One of our neighbours said he saw her jump over the fence in his back garden so we had a little hope. Then one night I was in the kitchen after a late meeting and I heard some meowing. We had run out of cat food. I thought it was in my head because of course I was obsessing about losing the cat. But then I opened the door and there she was. It took me over an hour to coax her inside again but she eventually followed me, well followed the food. She was hesitant with us the first couple of nights but by the weekend she was sleeping in the bedroom and gave us her full seal of approval.
Lily is a little madame. She rules over us. If she is hungry, she lets us know. This morning I was awoken by whiskers in my face and purring. Apparently it was breakfast time. I want to be mad at her when she wakes me up early but I can't. I just get out of bed and head downstairs to give her what she wants. If her kitty litter needs changing, she lets me know because she knows Chris will never touch it.

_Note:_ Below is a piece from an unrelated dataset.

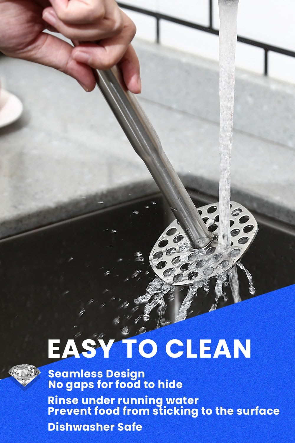 - SEAMLESS ONE-PIECE DESIGN – Engineered with a one-piece construction, potatoes masher has no gaps to trap food. The finely processed head prevents scratches or cuts and ensures easy cleaning by avoiding food buildup
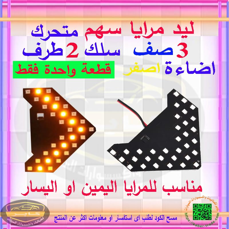 Generic - ليد سهم اضاءة مراية جانبية للسيارة باضاءة ليد مع اشارات جانبية وحركة اضاءة متحركة ( اضاءة اصفر ، قطعة واحدة ، 3 صف ) - من كابرمصر 2020

She isn't a lap cat. She hates being picked up and cuddled and prefers to be stroked while sitting on the arm of the chair I am sitting in. Yesterday morning I woke up in bed and she was cuddled up next to me. I didn't acknowledge her cause I didn't want to scare her away. I think that was her way of telling me she trusts me but she doesn't want me to catch wind of it. She likes to be in control.
Lily snores. It's super cute. I didn't think cats snored but she does. Sometimes when Chris and I are in bed at night we hear her snoring away, content in her cat bed. Now that it is sunnier, she follows the sun around the house, stretching out so the sun kisses the right part of her body. I found her in the bathroom one morning because that was where the sun was.

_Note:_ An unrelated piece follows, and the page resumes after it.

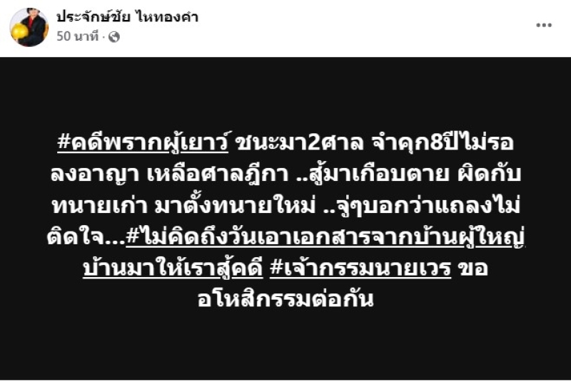 ส่วนทนายพัฒน์แกเห็นไม่มีใครทำคดีให้หนูต่อ ฎีกามันจะสิ้นแล้ว แกเลยมาช่วยเจราในส่วนนี้ เรื่องเป็นมายังไงแกไม่ได้รู้เพราะแกไม่ได้รับผิดชอบคดีตั้งแต่แรก หนูขอบคุณทนายพัฒน์ด้วยนะคะ
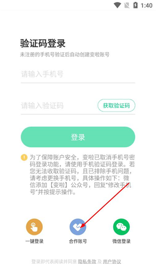 2、若选择合作账号登录,点击页面中的合作账号选项。

When I come home from work, she knows my routine. She will meet me at the door and follow me upstairs while I change out of my work clothes. After I change we have a little petting and purring. It's our little ritual and such a nice thing to come home to after a long day.
Lily doesn't play tons. She sometimes bats a toy mouse around but this lasts little more than five minutes on any one occasion. She will race around the house at night for no reason, just running up the stairs jumping and running back down again. I'm not sure if she wants me to play with her or not so I just let her get on with it. Bedtime usually follows this.

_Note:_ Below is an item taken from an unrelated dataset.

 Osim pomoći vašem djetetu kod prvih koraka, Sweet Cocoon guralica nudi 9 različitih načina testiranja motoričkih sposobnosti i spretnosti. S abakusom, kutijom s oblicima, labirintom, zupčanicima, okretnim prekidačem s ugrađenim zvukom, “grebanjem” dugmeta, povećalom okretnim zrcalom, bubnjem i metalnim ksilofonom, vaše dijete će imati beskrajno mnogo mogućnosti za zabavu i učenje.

Chris says I am obsessed with Lily and I probably am. She brings me so much joy and happiness. She is so independent and set in her ways. Sometimes I wish she was a bit more of a lap cat but then she wouldn't be Lily. She definitely has cattitude in spades. The way she walks around the house, you would think she was some kind of monarch. She has so much class and is almost regal, like we should be bowing down to her or something.
I do wonder if she would like to have a cat friend at home all the time with her but then I think she wouldn't be able to rule over us the way she does. I think she likes having that power. Lily has these beautiful turquoise-green eyes. If she is happy she tells you with her eyes. They become big and the pupils slightly dilated. But if she is angry she just scowls with her eyes. And her little black nose is so cute. It's like a little black gum drop.
I know she is a cat and cats are pets and not people but I love her tons and tons. I feel so lucky she came back to us. Maybe that's my problem, because she left I feel like I need to prove myself to her. At any rate, she is having her way with me.
And she totally knows when her picture is being taken cause she will be super cute than move and not move back so I will miss it.